# air brushing model cars????



## Thug (May 8, 2010)

just wondering if there any info on airbrushin or if any 1 has any ????


----------



## superduty455 (Jun 21, 2000)

Lots of info here. What questions do you have?
I utilize a double action Badger 175 siphon feed. I spray mainly automotive paint on my cars. Time an practice are essential. 
I learned how to airbrush using a cheap Testors plastic airbrush. I then moved on to the 175 that I still use today. I like the heft and durability.

If you are looking for a first airbrush go with something cheap to learn on. You'll know if you like it. 

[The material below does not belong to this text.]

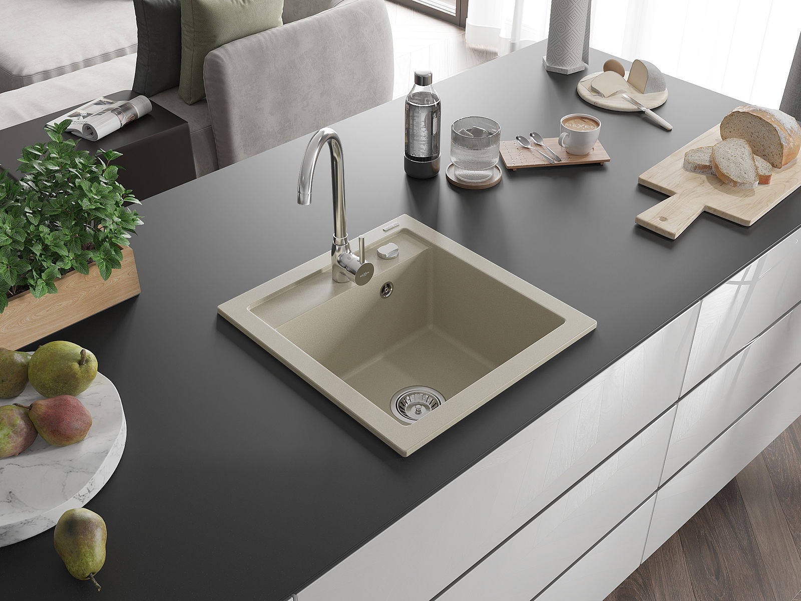 Ο νεροχύτης κατασκευάστηκε από υψηλής ποιότητας γρανίτη. Αποτελεί μια κομψή, και κυρίως πρακτική προσθήκη για κάθε κουζίνα, ανεξάρτητα από το στυλ της. Η υψηλή ποιότητα και η αντοχή του γρανίτη εξασφαλίζουν πολυετή χρήση.
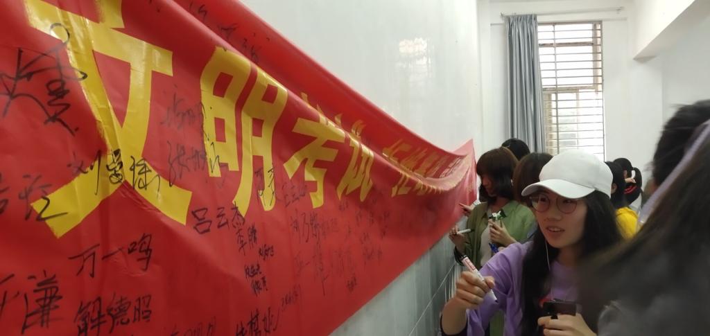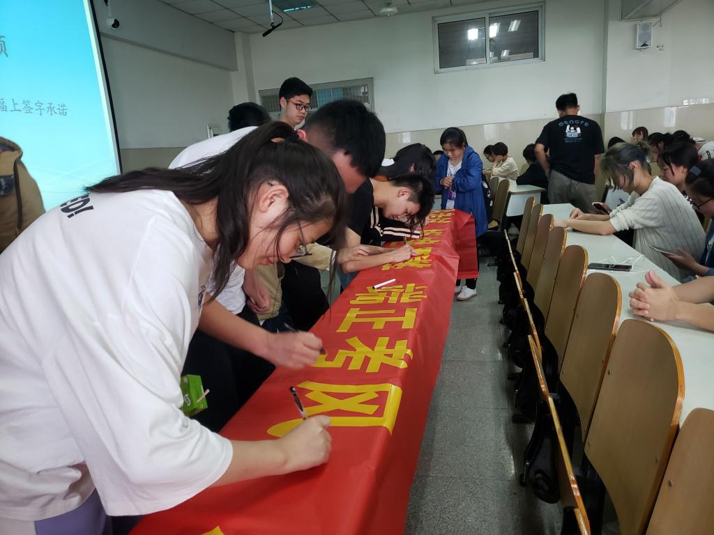 会议第三部分是诚信教育,张书记由诚信做人、诚信应考展开教育,重点解读了考试舞弊处罚力度,告诫学生一定不要闯红线。随后全体同学在王乾老师带领下宣读了《yl7703永利集团严肃考风考纪倡议书》并一一走到写有“文明考试,拒绝舞弊,端正考风,严肃考纪”的横幅前庄重签下自己的名字,表达自己在各项考试中诚信应考的态度与决心。

Not knowing where you are from, but if you have a Michaels and Hobby Lobby in your area they carry airbrushes and coupons make them cheaper. You should be able to go to these stores and check them out, hold them and look at them. I
t certainly helps to do this before you decide and may order from the internet, since it is much cheaper. Same goes if you have an LHS in your area.

I'm sure a few other guys will pop on with their experiences. 

Chris


----------



## halcyon_daze (Jan 6, 2004)

Lots of info on this subject. Also might try searching the Finescale Painting & Airbrushing forum.

Personally I'd get a good double-action airbrush...they're harder to master than a single-action, but I think you'll be glad you did...more versatile and more control. I use a Iwata Eclipse HP-CS myself, before that a Paasche VL...the Iwata is far better IMO, and simpler to maintain. The CS isn't cheap, but isn't prohibitively expensive either at around $120.00. I'd also definitely invest in a good brand compressor.


----------



## philo426 (Mar 4, 2009)

I use a Thayer and Chandler Vega as well as a Paasche VL and the yield excellent results .Just practice on scrap until you get the hang of it.Check this out!


----------



## halcyon_daze (Jan 6, 2004)

philo426 said:


> I use a Thayer and Chandler Vega as well as a Paasche VL and the yield excellent results .Just practice on scrap until you get the hang of it.Check this out!


Very nice!


----------



## superduty455 (Jun 21, 2000)

The beauty of the airbrush is their is less waste of paint. You get smoother results with less, as philo showed with his excellent mopar.

Normally you can do about 2-3 cars from 2 oz.. Sometimes more sometimes less.

These have all been airbrushed:





































I have more but you get the gist.
With all of that said, and everyone here will back me up, your paint jobs will look extremely well if you spent ample time making sure your prep work on the body is perfect first. 
By this I mean fixing any flaws on the plastic. Good primer and after prep work with that as well. Lots of time go into great paint jobs due to the amount of prep work someone puts into the model. Only then will the paint jobs look superb. Using the airbrush not only utilizes a little to go a long way but also reduces orange peel. Thus, making the job of polishing very very easy.

At first it seems a bit of work, but after time I enjoy the process. 

This is a great forum with all kinds of information so don't be afraid to ask about anything. I highly suggest utilizing all the forums too, you'd be surprised at what you can learn from other areas of modeling.

Chris


----------